Namun, ketika ditanya lebih lanjut mengenai dasar kebijakan penggunaan gas subsidi tersebut, yang bersangkutan tidak memberikan tanggapan lanjutan meski pesan konfirmasi telah dibaca.
Perlu diketahui, penggunaan LPG 3 kg untuk kegiatan usaha komersial seperti jasa pengelasan merupakan pelanggaran. Hal ini ditegaskan dalam Surat Edaran Dirjen Migas Nomor B-2461/MG.05/DJM/2022 yang melarang penggunaan LPG bersubsidi untuk sejumlah sektor usaha, termasuk bengkel las, restoran, hotel, dan lainnya.

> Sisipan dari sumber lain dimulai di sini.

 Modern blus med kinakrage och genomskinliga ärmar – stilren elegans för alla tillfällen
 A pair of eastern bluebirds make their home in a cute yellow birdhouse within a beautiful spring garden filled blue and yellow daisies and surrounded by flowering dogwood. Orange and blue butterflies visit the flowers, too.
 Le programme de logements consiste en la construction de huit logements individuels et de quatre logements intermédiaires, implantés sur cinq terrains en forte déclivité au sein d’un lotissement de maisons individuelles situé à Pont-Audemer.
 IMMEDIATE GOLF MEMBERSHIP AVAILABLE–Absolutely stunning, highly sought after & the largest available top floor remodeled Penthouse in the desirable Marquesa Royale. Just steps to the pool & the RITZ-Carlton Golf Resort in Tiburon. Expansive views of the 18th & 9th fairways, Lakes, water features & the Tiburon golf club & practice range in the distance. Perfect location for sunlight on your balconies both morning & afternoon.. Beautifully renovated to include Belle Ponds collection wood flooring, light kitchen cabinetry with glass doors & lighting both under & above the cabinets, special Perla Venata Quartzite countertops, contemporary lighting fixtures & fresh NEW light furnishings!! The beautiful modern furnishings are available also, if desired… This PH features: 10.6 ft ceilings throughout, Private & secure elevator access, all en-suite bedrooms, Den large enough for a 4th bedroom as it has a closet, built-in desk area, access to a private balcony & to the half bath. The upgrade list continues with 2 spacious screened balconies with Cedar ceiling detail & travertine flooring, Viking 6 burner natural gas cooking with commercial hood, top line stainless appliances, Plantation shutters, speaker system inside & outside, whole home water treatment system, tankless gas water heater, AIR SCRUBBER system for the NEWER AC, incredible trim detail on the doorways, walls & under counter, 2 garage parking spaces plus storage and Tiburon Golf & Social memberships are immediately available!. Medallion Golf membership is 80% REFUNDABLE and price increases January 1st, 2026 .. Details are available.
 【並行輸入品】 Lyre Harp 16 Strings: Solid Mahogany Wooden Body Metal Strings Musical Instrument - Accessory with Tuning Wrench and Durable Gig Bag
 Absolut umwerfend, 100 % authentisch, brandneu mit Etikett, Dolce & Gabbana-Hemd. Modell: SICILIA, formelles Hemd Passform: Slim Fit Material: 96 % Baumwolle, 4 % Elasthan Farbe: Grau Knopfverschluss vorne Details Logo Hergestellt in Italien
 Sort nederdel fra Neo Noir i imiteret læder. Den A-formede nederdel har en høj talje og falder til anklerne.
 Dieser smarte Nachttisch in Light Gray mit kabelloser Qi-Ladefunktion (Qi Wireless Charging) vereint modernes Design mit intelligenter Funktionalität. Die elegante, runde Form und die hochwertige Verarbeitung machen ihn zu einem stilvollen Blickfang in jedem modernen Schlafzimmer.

Tak hanya melanggar aturan administratif, penyalahgunaan LPG subsidi juga berpotensi pidana. Berdasarkan ketentuan dalam Undang-Undang Cipta Kerja, pelaku dapat dikenakan sanksi pidana penjara maksimal 6 tahun dan denda hingga Rp60 miliar.
Hingga berita ini diterbitkan, belum ada keterangan resmi dari aparat penegak hukum (APH) setempat terkait dugaan pelanggaran tersebut. Namun, tim media penasultan.co.id berencana melaporkan temuan ini ke Polresta Kabupaten Serang, khususnya ke unit tindak pidana tertentu (Tipiter), guna mendorong penegakan hukum yang tegas.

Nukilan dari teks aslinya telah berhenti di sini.